A Rockholds couple has filed a lawsuit claiming that noise from the Knox-Whitley Animal Shelter is so annoying that they can’t sleep at nights, and they are asking the court to order the shelter to no longer keep animals in outdoor kennels in order to solve the problem.
James and Phyllis Walters live at 3285 Meadow Creek Road, about 600 feet from the Knox-Whitley Animal Shelter. On Tuesday, James Walter’s said he agreed to file the lawsuit in Whitley Circuit Court last week as a last resort.
"I’ve talked to them a dozen times," Walters said. "They don’t do nothing … It’s just awful. You can’t sleep at night. You can’t do nothing. The dogs just keep barking, and barking and barking."
Walters said he paid the Corbin law firm of Copeland and Romines $750 to file the lawsuit.
"That’s a lot just to get a dog hushed up, but I don’t know what else to do."
At issue is the shelter’s policy of storing some dogs in outdoor chain link fenced kennels throughout the day and overnight. The barking, the Walters say, is persistent and annoying.
"The incessant, boisterous barking has caused Plaintiffs severe insomnia, injury to their mental health, substantial annoyance and a decrease in fair market value of their property," the lawsuit reads.
The civil complaint goes on to say that shelter employees have intentionally and negligently placed dogs in the open kennels "where the barking is amplified and the Defendant will continue to do so without this Court’s intervention…"
Deanna Myers, Executive Director of the Knox-Whitley Animal Shelter, said Tuesday that the shelter does it’s best to keep its animals inside, particularly in the evening hours, but that often it is not feasible. She said on a normal night, four to five animals would be kept in outside kennels. Most are quarantined animals that must remain apart from the general population of animals at the shelter. A small number are dogs available for adoption.
Animals are brought outside during the daytime hours for viewing by potential pet owners.
"If someone comes to look at them, they all bark. It’s hard to stop that," Myers said. "We are located out in the county … in the boondocks, so to speak … so that we don’t bother people."

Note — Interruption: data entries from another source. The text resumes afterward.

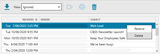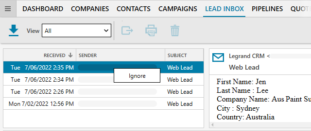Go to the Lead Inbox module in Legrand CRM and select the spam email. Right-click and select ‘Ignore’ to move the email into the spam inbox.
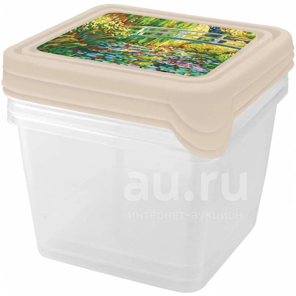 Контейнер пищевой пластик, 0.75 л, 3 шт, квадратный, Plast team, Импрессионисты, PT106012574
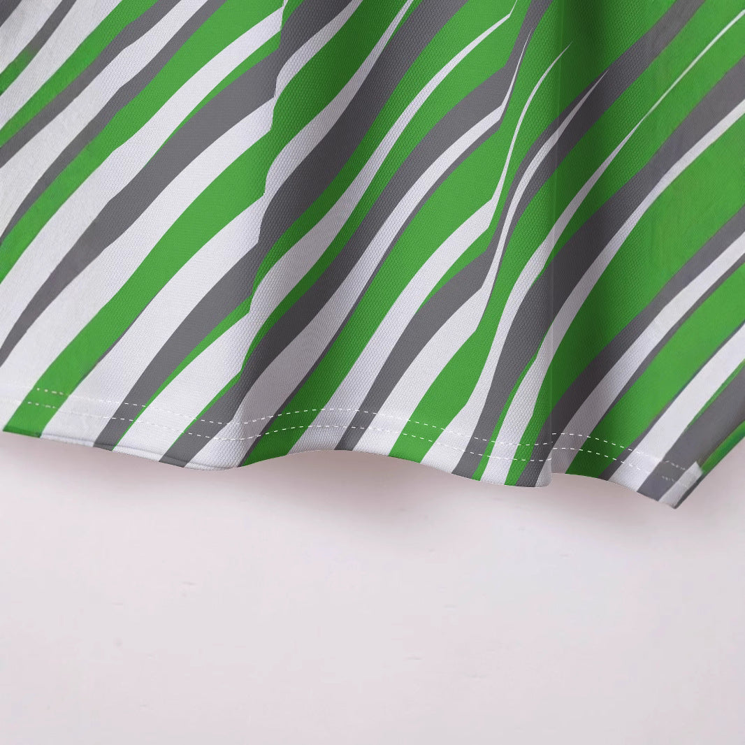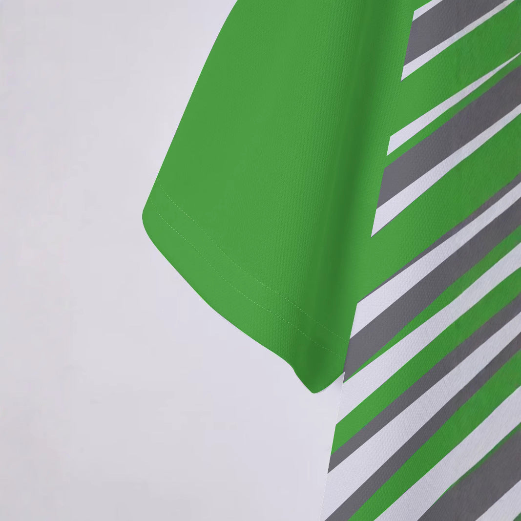 - Dynamisches Design: Die auffälligen Streifen in unterschiedlichen Grüntönen und Grau verleihen dem Shirt einen modernen, sportlichen Look, der sowohl im Alltag als auch im Sportbereich überzeugt.
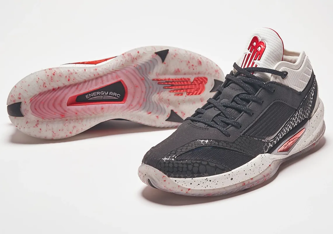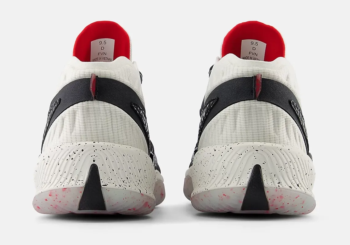 Voici donc ce premier coloris baptisé « Alpha Predator », doté d’une unité d’amorti « Fuelcell » comme sur la Kawhi II, avec une tige en matériaux synthétiques et un chausson moulé en néoprène. La tige noire est ainsi complétée de touche de blanc et rouge, comme sur la semelle ou la languette, sur laquelle ressort le logo « New Balance ».
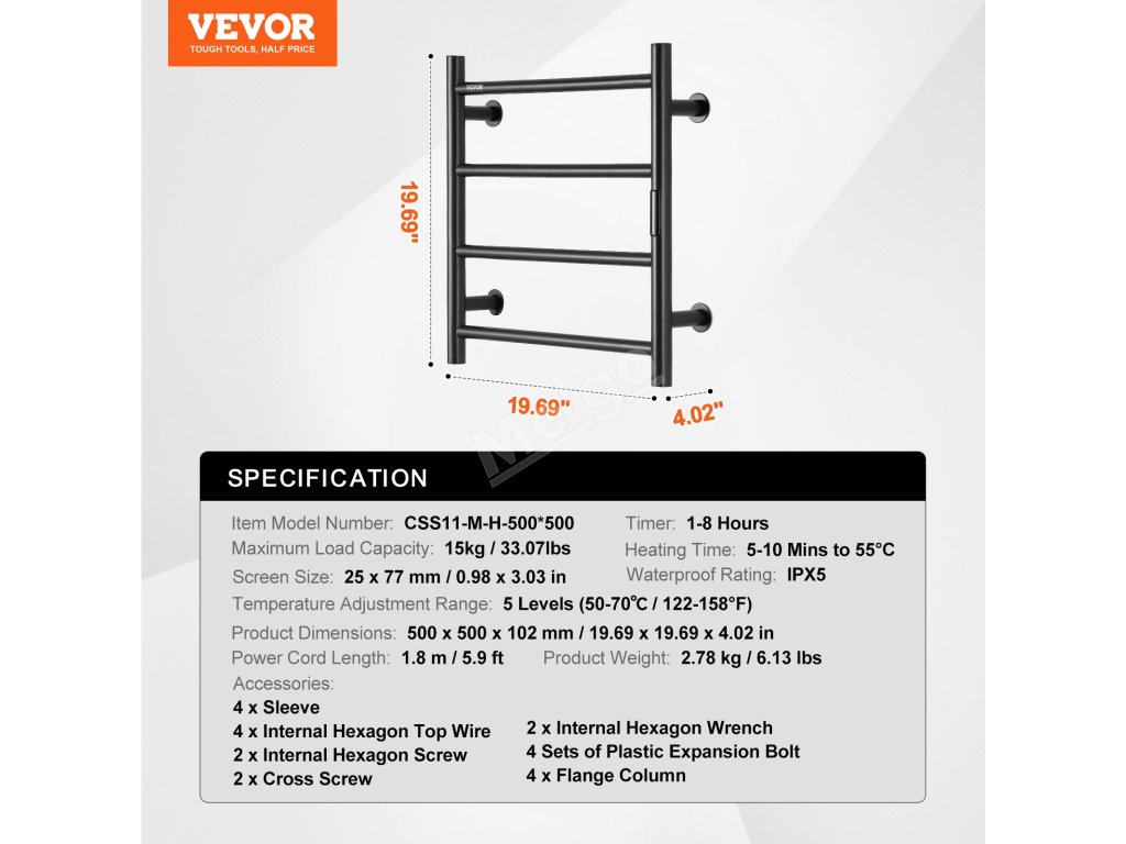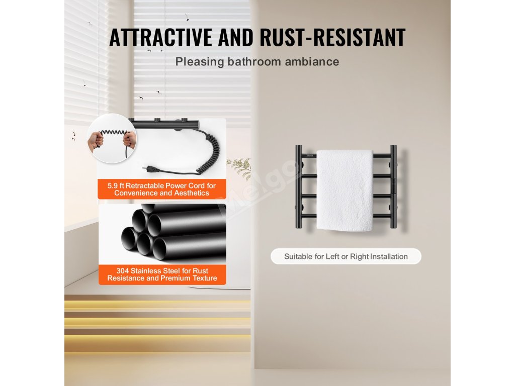 Ohřívač ručníků je vyroben z nerezové oceli, má robustní rám a vodotěsnost IPX5, což zaručuje vynikající výkon.

Myers said there is no ordinance in the county regarding barking dogs. She said she’s spoken with Phyllis Walters on several occasions about the issue and that, in response, the Shelter has begun to euthanize more animals in an effort to cut down on those kept outdoors.
"We don’t keep anything extra for this reason other than what we have to," Myers said. "There is nothing really that we can do any different. We sure don’t want any trouble. We are here for the good of the community and these animals."
Myers said the shelter accepts about 60 animals a day, and takes in over 800 animals a month.
"Other than just euthanizing every animal that comes through the door, I don’t know what to do."
The shelter’s Board of Directors has been notified of the situation, Myers said. She did not know who would represent the shelter in defending the lawsuit.
The Knox-Whitley Animal Shelter actually serves three counties: Knox, Whitley and McCreary. It receives funding from all three counties, and some cities in those counties.